Ocon entered the pitlane to serve his mandatory pitstop before his final lap of the grand prix and encountered a large group of media, other personnel and a temporary barrier in the fast lane as part of the parc ferme and podium ceremony preparations.
The problem was quickly avoided by Ocon slowing down and the crowd rapidly dispersing but it was investigated by the stewards who criticised the FIA team involved and said it was lucky nothing serious happened as a result.
It has been partly justified as a common occurrence because of how rare it is that a car enters the pitlane on the final lap.

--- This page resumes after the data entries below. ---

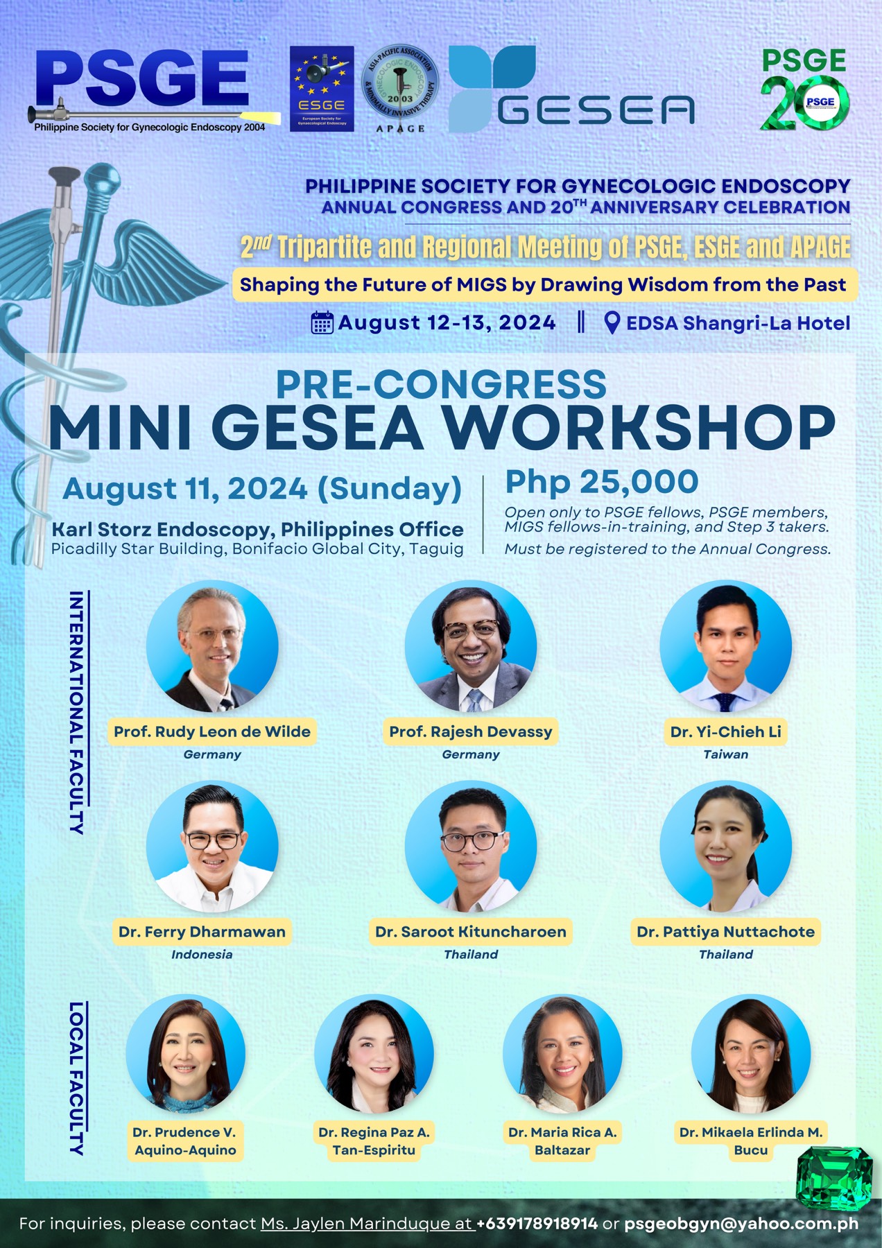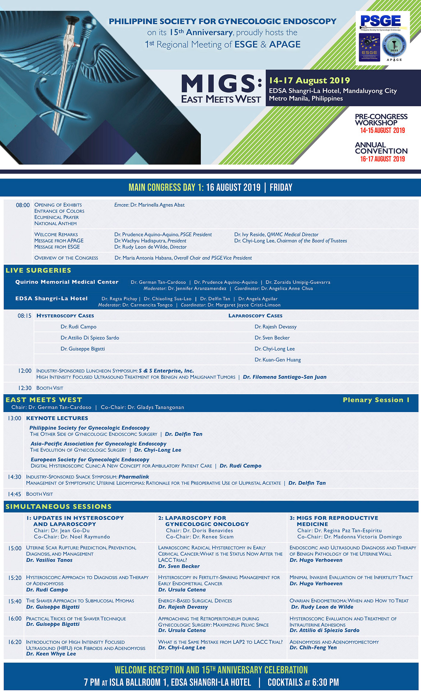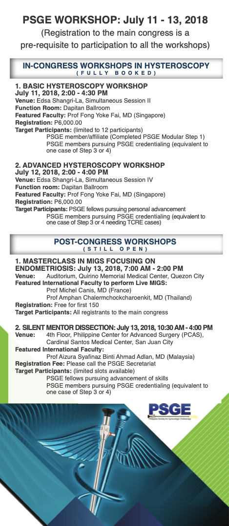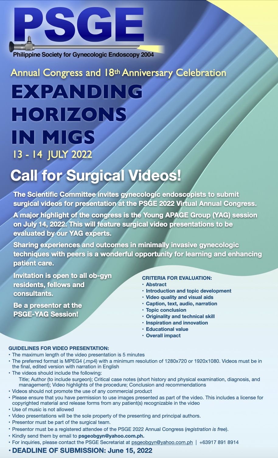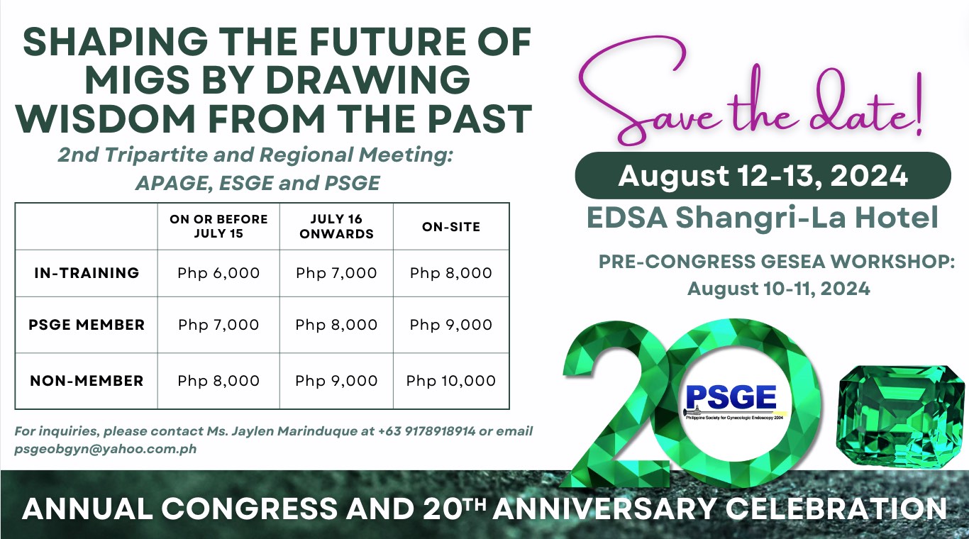 The 2-day congress will showcase personalities well-known for their in-depth knowledge in minimally invasive surgery. There will be Updates on Classification and Terminology in Endometriosis and Hysteroscopy, a PSGE-ESGE session on Adenomyosis, a PSGE-YAG APAGE Session plus other exciting sessions that are sure to stimulate your minds.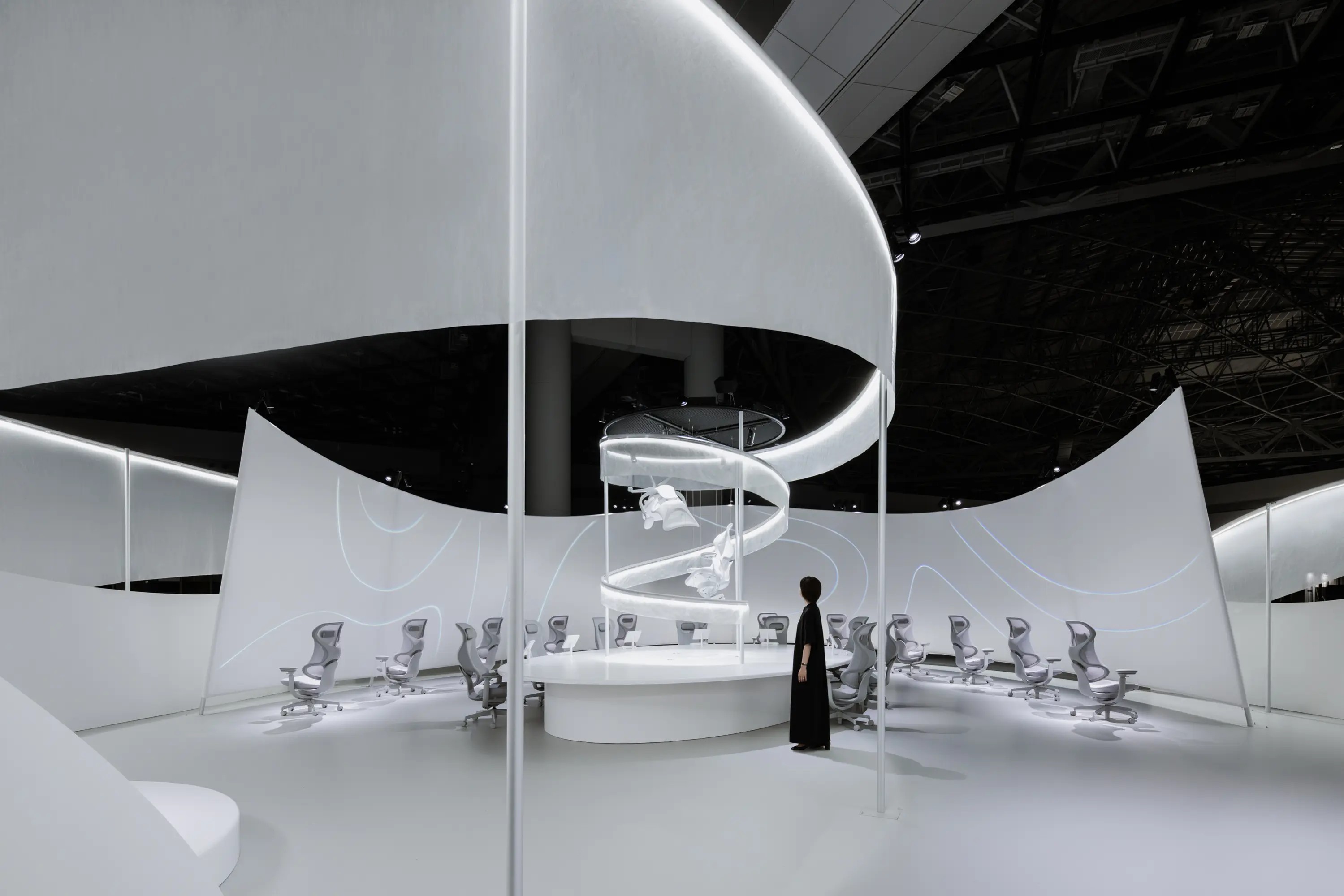 Dies ist der Messestand für „ingCloud“, einen Stuhl, der eher das Gefühl vermittelt, „umhüllt“ zu werden, als „zu sitzen“. Das Thema lautet „Wolken und Schleier“. Stofflagen mit unterschiedlicher Transparenz umhüllen den gesamten Stand sanft und schaffen ein immersives Erlebnis, bei dem der Stuhl und die Umgebung eins werden, verstärkt durch fantastische Lichteffekte. In der Mitte des Standes blicken die Besucher nach oben auf das Video „Cloudrium“ – inspiriert von Daten zur Körperdruckverteilung – und erleben auf natürliche Weise die charakteristische Liegeposition von ingCloud. Kommentare von Besuchern, die den Stuhl ausprobiert haben, schweben wie Wolken durch den Raum und regen die Fantasie der nächsten Gäste an.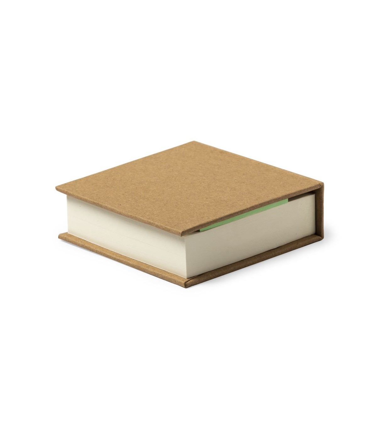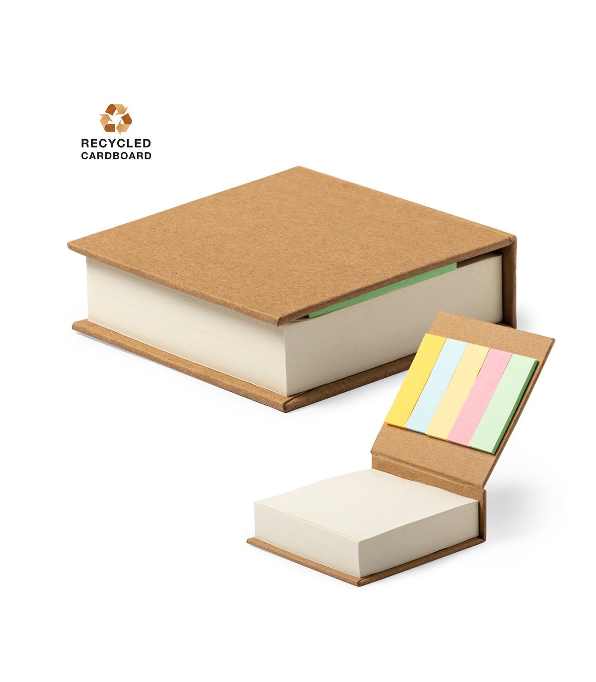 Portanotas con tapas rígidas en resistente cartón reciclado. Con 200 hojas lisas y 125 mini notas adhesivas.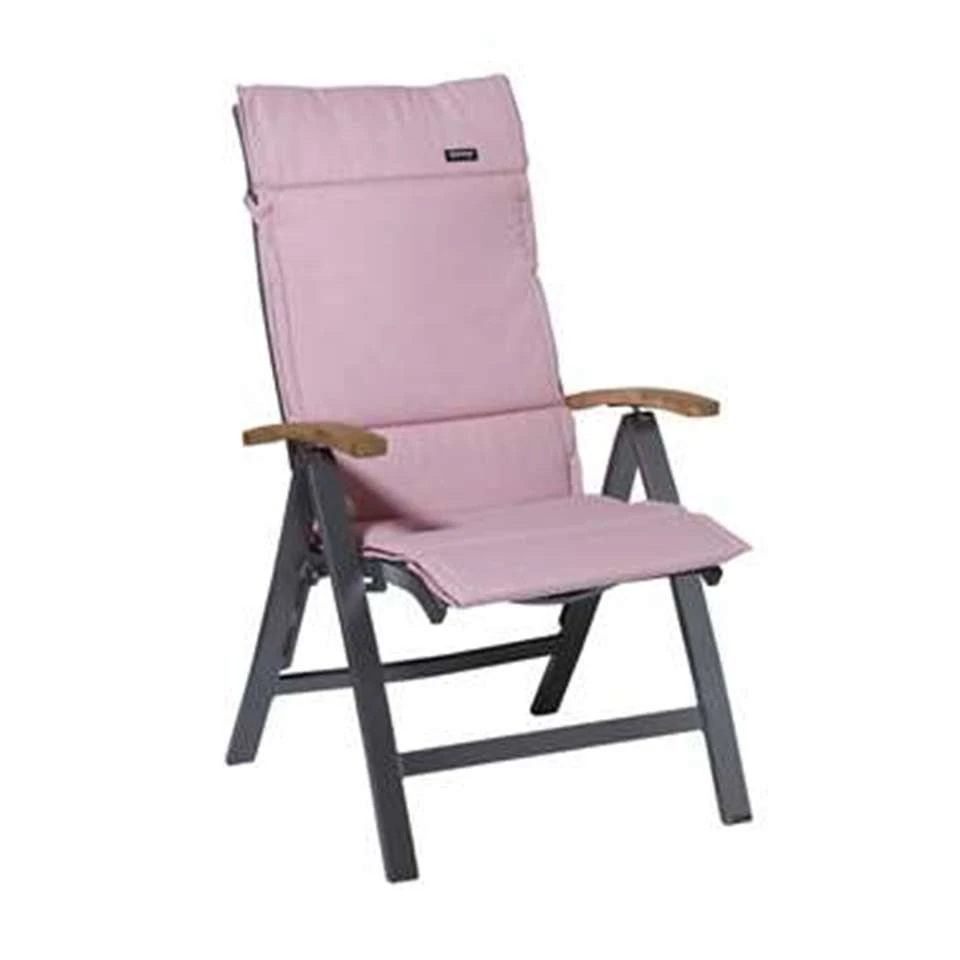 - Het is een zacht roze tuinstoelkussen.

But it happened at the last race in Australia, and Alpine sporting director Alan Permane shared Ocon’s criticism of the fact that access is granted to a live pitlane.
Ocon had questioned “why we are starting to prep the podium and prep the ceremony while we are still racing” and called it a “crazy” incident.
"This is a SHAMBLES, absolute shambles!!" 😮 pic.twitter.com/cKk0NuPJUv
— Sky Sports F1 (@SkySportsF1) April 30, 2023
“It’s something we’ve seen before,” Permane said. “There’s a keenness, I don’t know why the photographers are allowed there, but of course I understand people want to get the shots of the cars coming into parc ferme and things like that.
“But the pitlane is still open and the racetrack is still live. I don’t think it’s rocket science to think that, I think it’d be quite a simple one.”
The FIA will take swift action to update its procedures after being chastised by the stewards in Baku.
This will mean tighter control over who can enter the pitlane and at what time, and where they can go.
Ocon had to lift off to avoid the crowd and said it “could have been a big, big one today” had he misjudged his braking in the first place.
Permane said his driver was in full control but admitted it was a needless risk.
“Esteban’s doing 80kph so he can stop the car pretty quickly if he needs to,” Permane said.
“So, whilst it was quite scary to look at, I’m sure he was in full control, and no one was in serious danger.
“But it was a bit like a scene from Group B rallying days, wasn’t it? With the crowds on the track and parting as he got there?
“The biggest problem is if weren’t watching. But he’s not moving very quickly at that point.”
Rallying’s Group B era, which took place from 1982-1886, was partly banned at the end of 1986 because of the proximity of fans trying to get close to cars on live stages.
Famous images from the era frequently show fans standing in the road, dispersing seconds before the arrival of one of the massively powerful cars.